* DATA UNDER STUDY *
++++++++

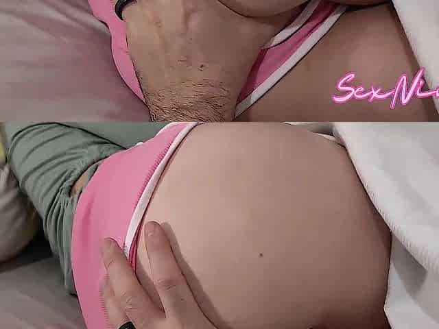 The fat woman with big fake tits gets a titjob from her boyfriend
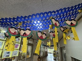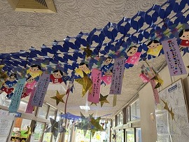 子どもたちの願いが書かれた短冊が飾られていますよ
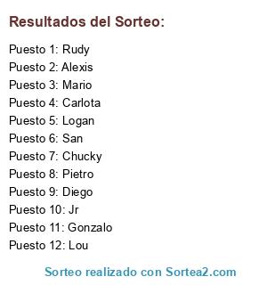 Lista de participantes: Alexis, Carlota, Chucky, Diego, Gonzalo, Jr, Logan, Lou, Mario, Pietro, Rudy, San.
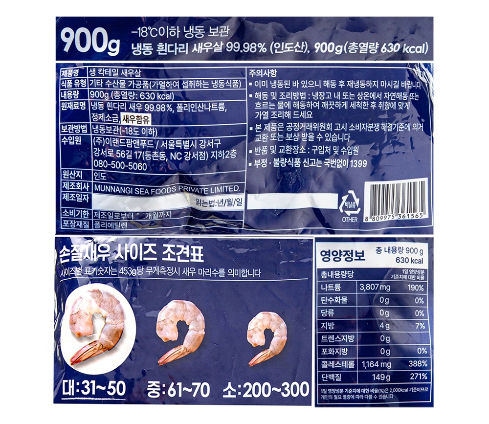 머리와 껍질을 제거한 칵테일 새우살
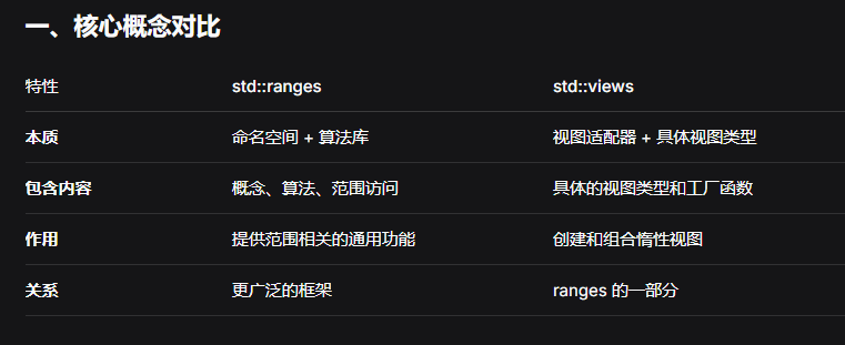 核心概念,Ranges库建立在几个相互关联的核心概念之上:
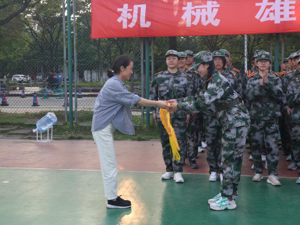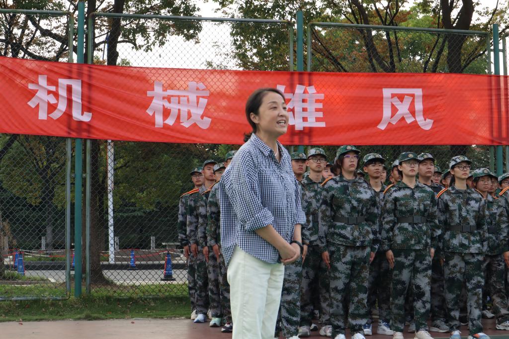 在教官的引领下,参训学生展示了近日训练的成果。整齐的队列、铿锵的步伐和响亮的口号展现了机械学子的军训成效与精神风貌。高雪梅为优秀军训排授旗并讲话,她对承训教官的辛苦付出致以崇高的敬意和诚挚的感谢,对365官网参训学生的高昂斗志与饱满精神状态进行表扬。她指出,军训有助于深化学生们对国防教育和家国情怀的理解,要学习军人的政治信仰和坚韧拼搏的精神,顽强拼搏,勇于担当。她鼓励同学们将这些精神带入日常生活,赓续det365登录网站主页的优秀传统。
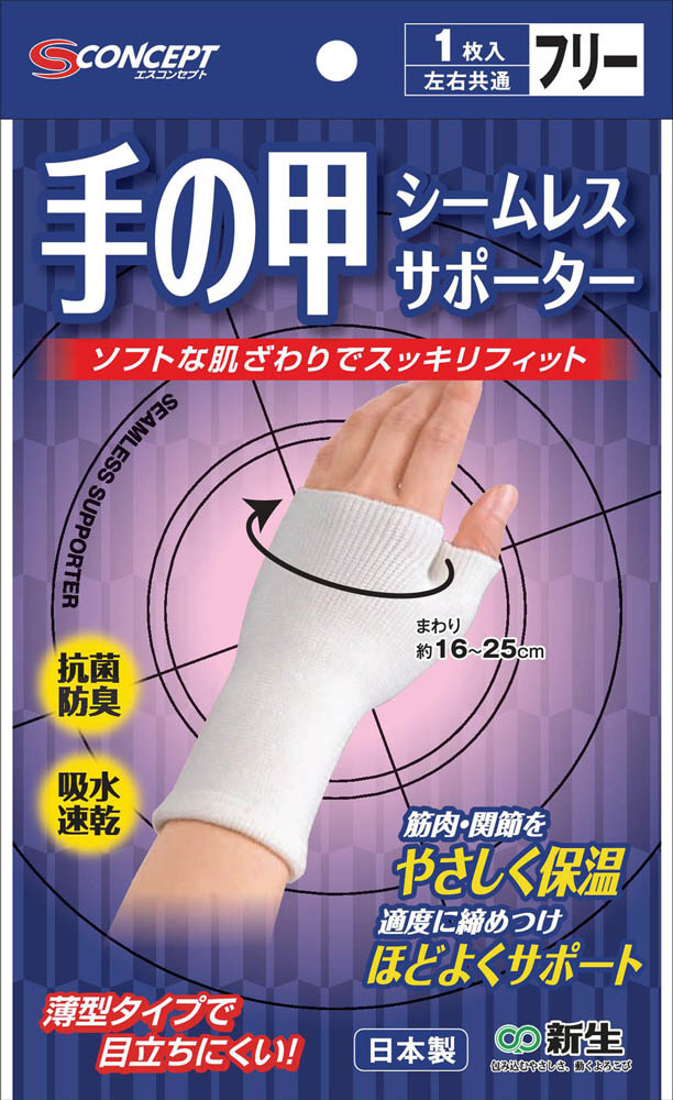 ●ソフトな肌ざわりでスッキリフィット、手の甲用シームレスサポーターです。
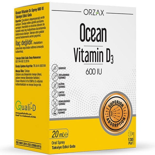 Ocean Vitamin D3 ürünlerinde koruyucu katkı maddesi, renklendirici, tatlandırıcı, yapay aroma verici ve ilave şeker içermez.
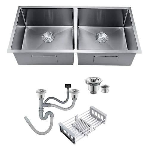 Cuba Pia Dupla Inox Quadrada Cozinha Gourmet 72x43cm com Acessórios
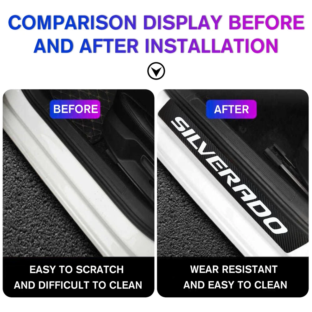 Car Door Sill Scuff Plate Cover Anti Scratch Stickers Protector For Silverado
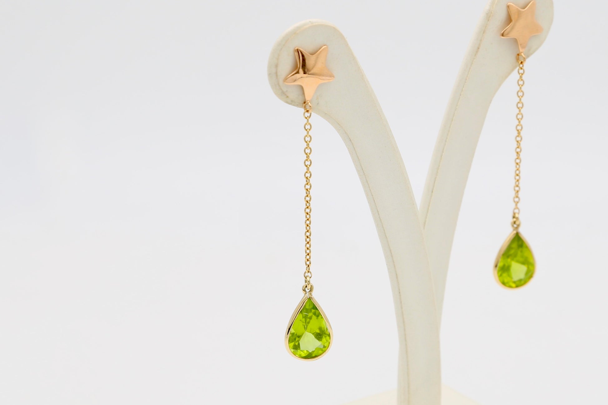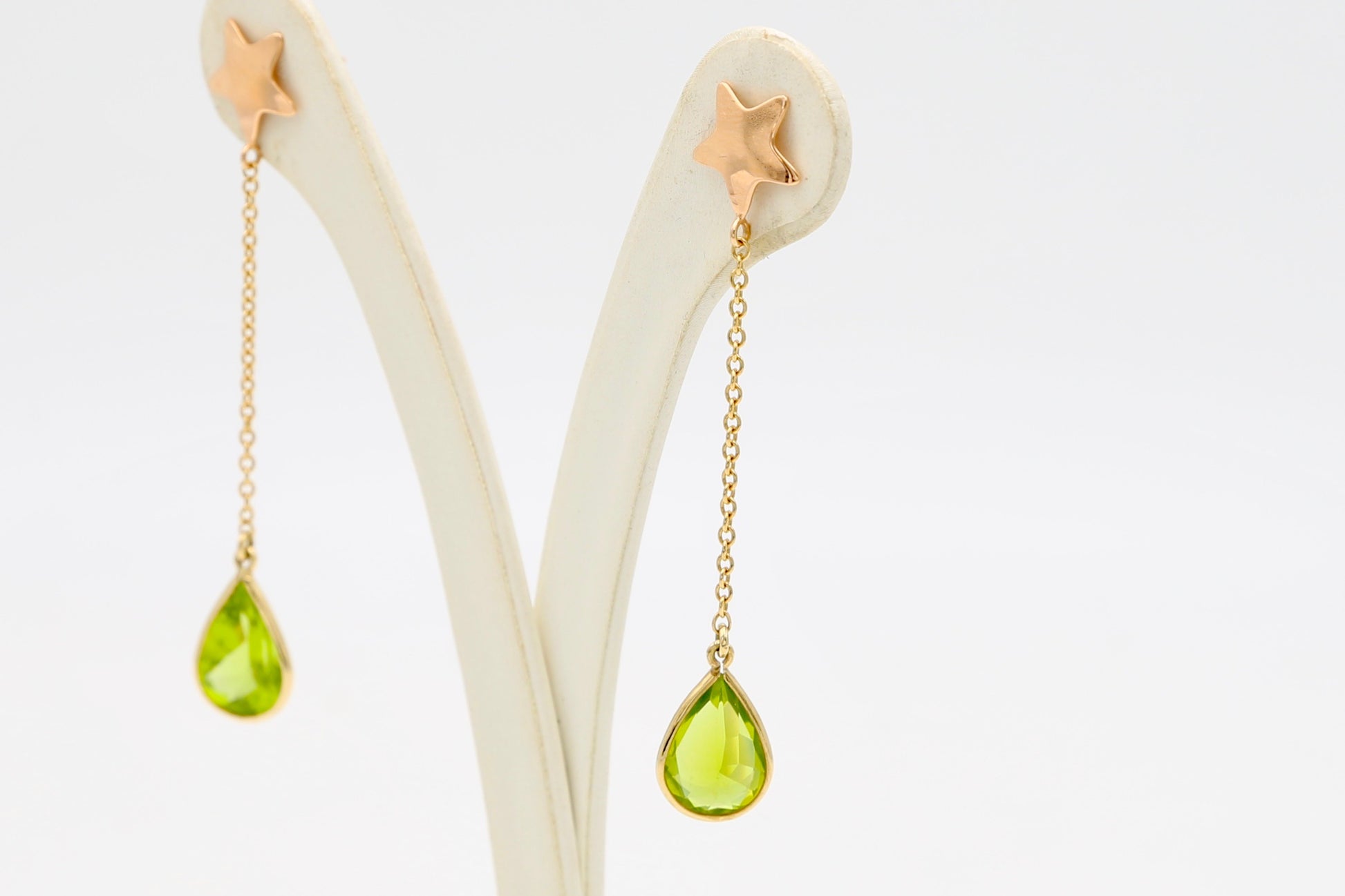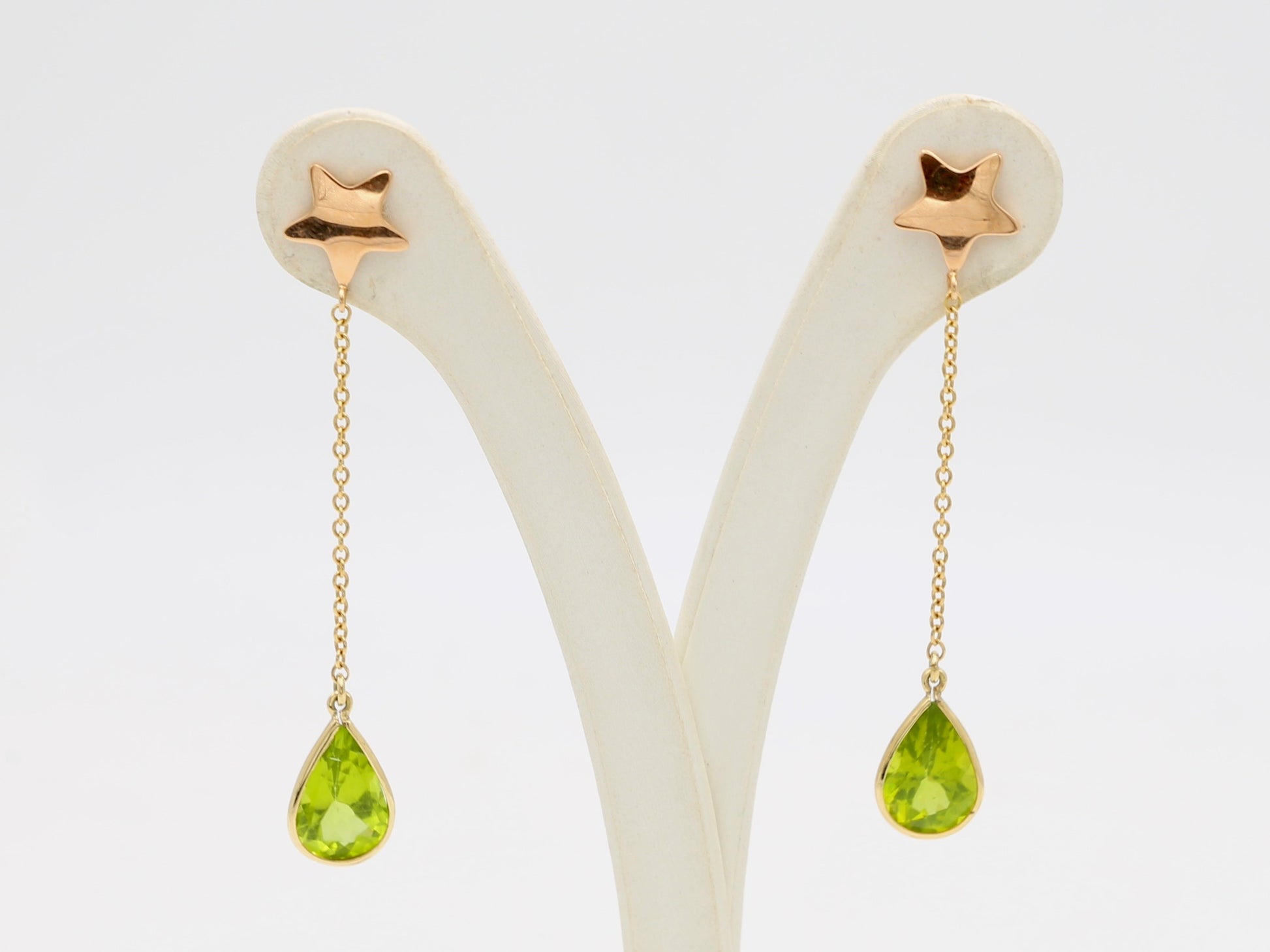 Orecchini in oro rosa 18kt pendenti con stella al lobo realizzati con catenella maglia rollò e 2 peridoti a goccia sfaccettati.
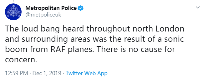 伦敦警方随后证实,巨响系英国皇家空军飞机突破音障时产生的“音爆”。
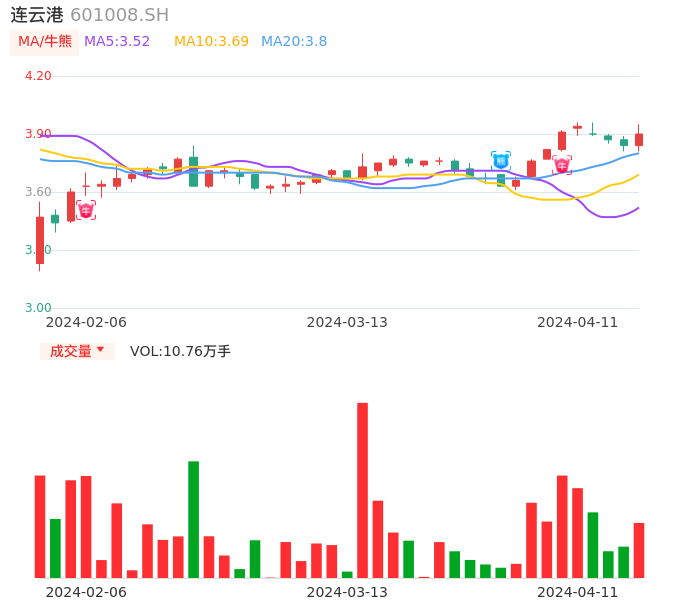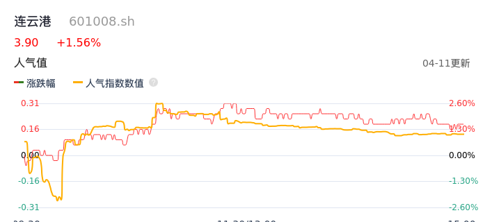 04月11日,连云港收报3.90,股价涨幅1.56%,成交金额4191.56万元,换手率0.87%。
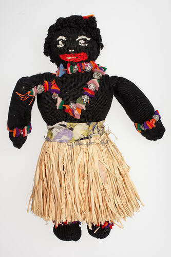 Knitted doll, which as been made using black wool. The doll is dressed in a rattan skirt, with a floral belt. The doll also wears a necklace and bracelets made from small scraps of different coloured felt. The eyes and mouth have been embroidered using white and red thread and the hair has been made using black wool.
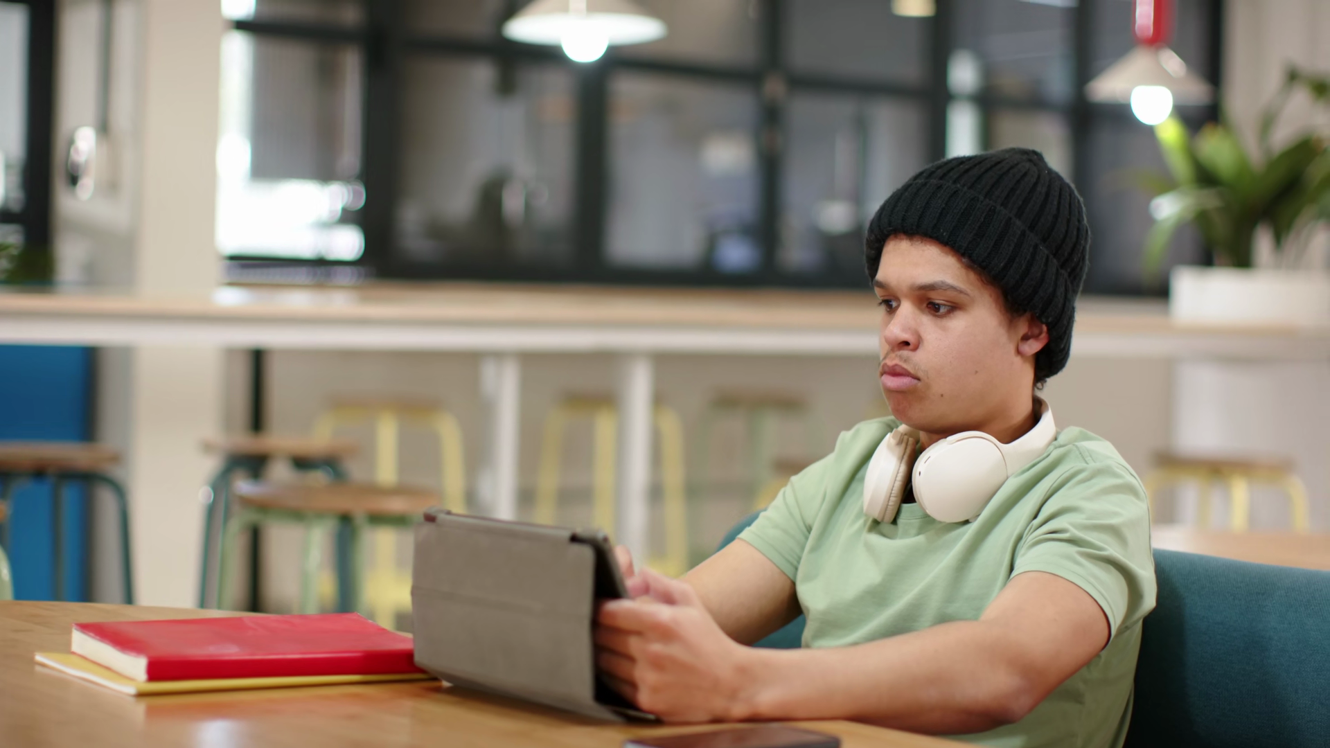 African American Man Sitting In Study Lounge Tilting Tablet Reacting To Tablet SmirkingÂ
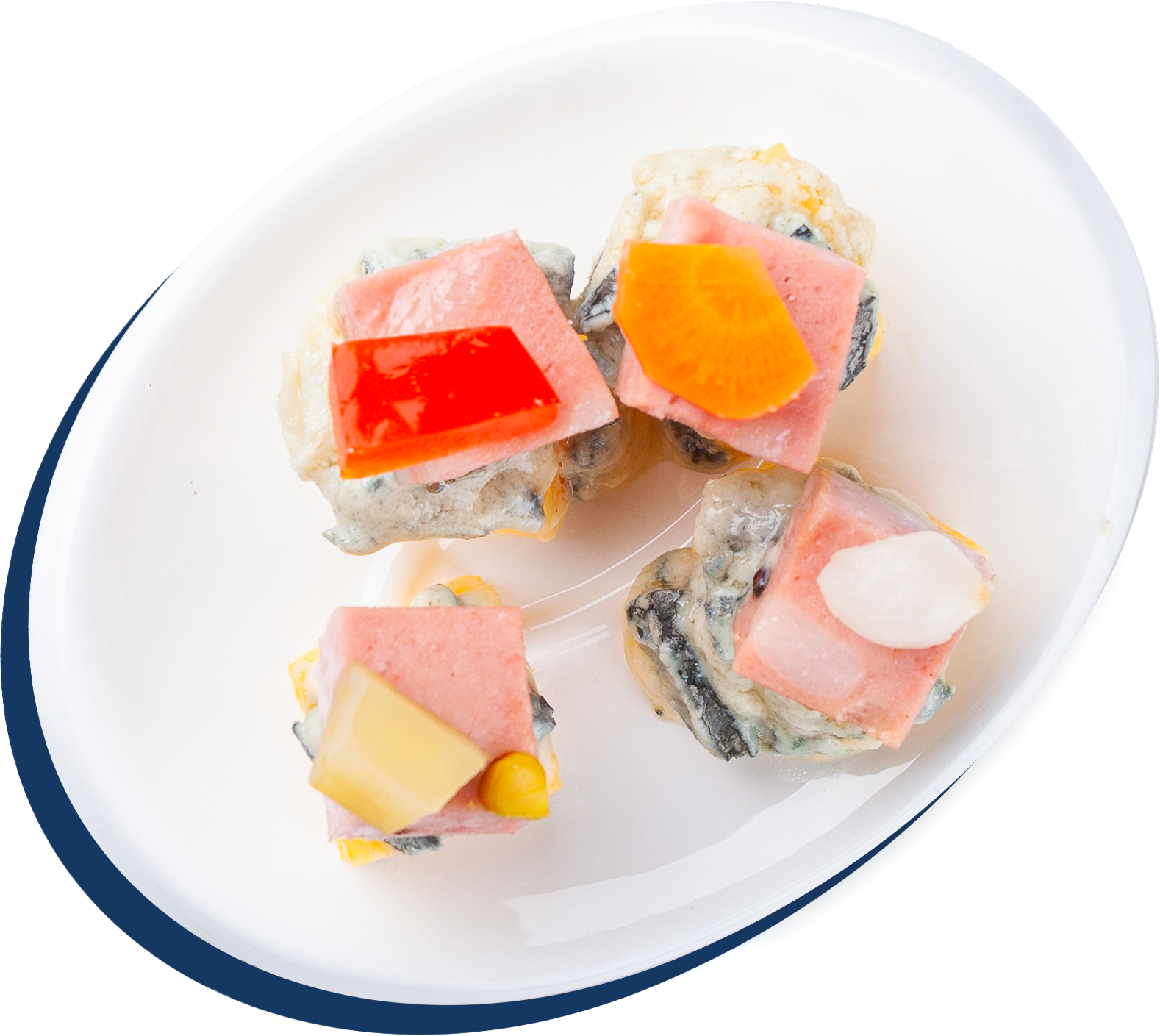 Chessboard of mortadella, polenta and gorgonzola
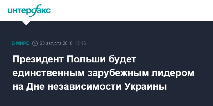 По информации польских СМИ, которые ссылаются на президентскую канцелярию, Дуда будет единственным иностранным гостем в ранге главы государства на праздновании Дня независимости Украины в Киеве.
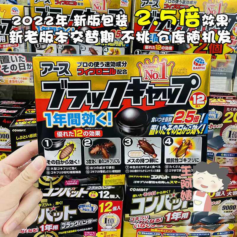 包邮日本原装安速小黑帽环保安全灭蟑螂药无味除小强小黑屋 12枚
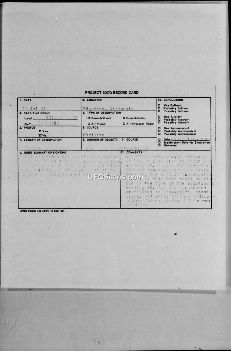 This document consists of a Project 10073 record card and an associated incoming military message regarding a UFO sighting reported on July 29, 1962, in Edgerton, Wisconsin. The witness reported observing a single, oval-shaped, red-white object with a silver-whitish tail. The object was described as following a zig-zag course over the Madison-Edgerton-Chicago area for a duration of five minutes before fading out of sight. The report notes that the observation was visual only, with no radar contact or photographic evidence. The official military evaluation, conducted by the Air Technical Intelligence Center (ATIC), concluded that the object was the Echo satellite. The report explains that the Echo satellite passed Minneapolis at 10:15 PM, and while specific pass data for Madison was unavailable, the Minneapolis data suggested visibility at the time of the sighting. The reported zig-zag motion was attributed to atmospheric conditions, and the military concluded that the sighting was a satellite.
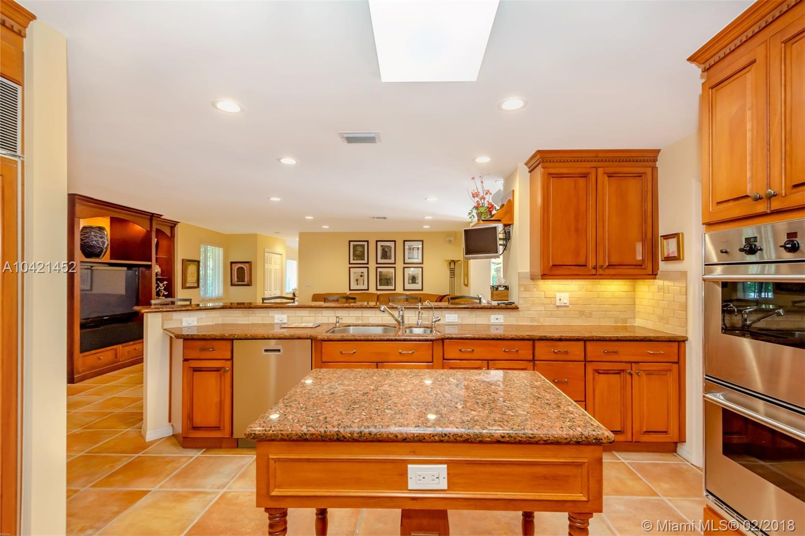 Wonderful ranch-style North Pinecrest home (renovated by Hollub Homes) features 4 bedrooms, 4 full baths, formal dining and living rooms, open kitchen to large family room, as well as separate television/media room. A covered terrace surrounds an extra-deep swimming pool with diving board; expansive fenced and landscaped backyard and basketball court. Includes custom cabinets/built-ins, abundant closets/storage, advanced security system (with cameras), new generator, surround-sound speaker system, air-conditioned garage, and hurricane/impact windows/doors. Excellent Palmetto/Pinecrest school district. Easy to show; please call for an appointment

++++++++

* ACTION ITEM *
Nothing but the lines from the start of the records above through the line with "Chessboard of mortadella, polenta" should be retyped, each exactly as written; leave out all pictures.

* EXERCISE ANSWER *
 The fat woman with big fake tits gets a titjob from her boyfriend
 子どもたちの願いが書かれた短冊が飾られていますよ
 Lista de participantes: Alexis, Carlota, Chucky, Diego, Gonzalo, Jr, Logan, Lou, Mario, Pietro, Rudy, San.
 머리와 껍질을 제거한 칵테일 새우살
 核心概念,Ranges库建立在几个相互关联的核心概念之上:
 在教官的引领下,参训学生展示了近日训练的成果。整齐的队列、铿锵的步伐和响亮的口号展现了机械学子的军训成效与精神风貌。高雪梅为优秀军训排授旗并讲话,她对承训教官的辛苦付出致以崇高的敬意和诚挚的感谢,对365官网参训学生的高昂斗志与饱满精神状态进行表扬。她指出,军训有助于深化学生们对国防教育和家国情怀的理解,要学习军人的政治信仰和坚韧拼搏的精神,顽强拼搏,勇于担当。她鼓励同学们将这些精神带入日常生活,赓续det365登录网站主页的优秀传统。
 ●ソフトな肌ざわりでスッキリフィット、手の甲用シームレスサポーターです。
 Ocean Vitamin D3 ürünlerinde koruyucu katkı maddesi, renklendirici, tatlandırıcı, yapay aroma verici ve ilave şeker içermez.
 Cuba Pia Dupla Inox Quadrada Cozinha Gourmet 72x43cm com Acessórios
 Car Door Sill Scuff Plate Cover Anti Scratch Stickers Protector For Silverado
 Orecchini in oro rosa 18kt pendenti con stella al lobo realizzati con catenella maglia rollò e 2 peridoti a goccia sfaccettati.
 伦敦警方随后证实,巨响系英国皇家空军飞机突破音障时产生的“音爆”。
 04月11日,连云港收报3.90,股价涨幅1.56%,成交金额4191.56万元,换手率0.87%。
 Knitted doll, which as been made using black wool. The doll is dressed in a rattan skirt, with a floral belt. The doll also wears a necklace and bracelets made from small scraps of different coloured felt. The eyes and mouth have been embroidered using white and red thread and the hair has been made using black wool.
 African American Man Sitting In Study Lounge Tilting Tablet Reacting To Tablet SmirkingÂ
 Chessboard of mortadella, polenta and gorgonzola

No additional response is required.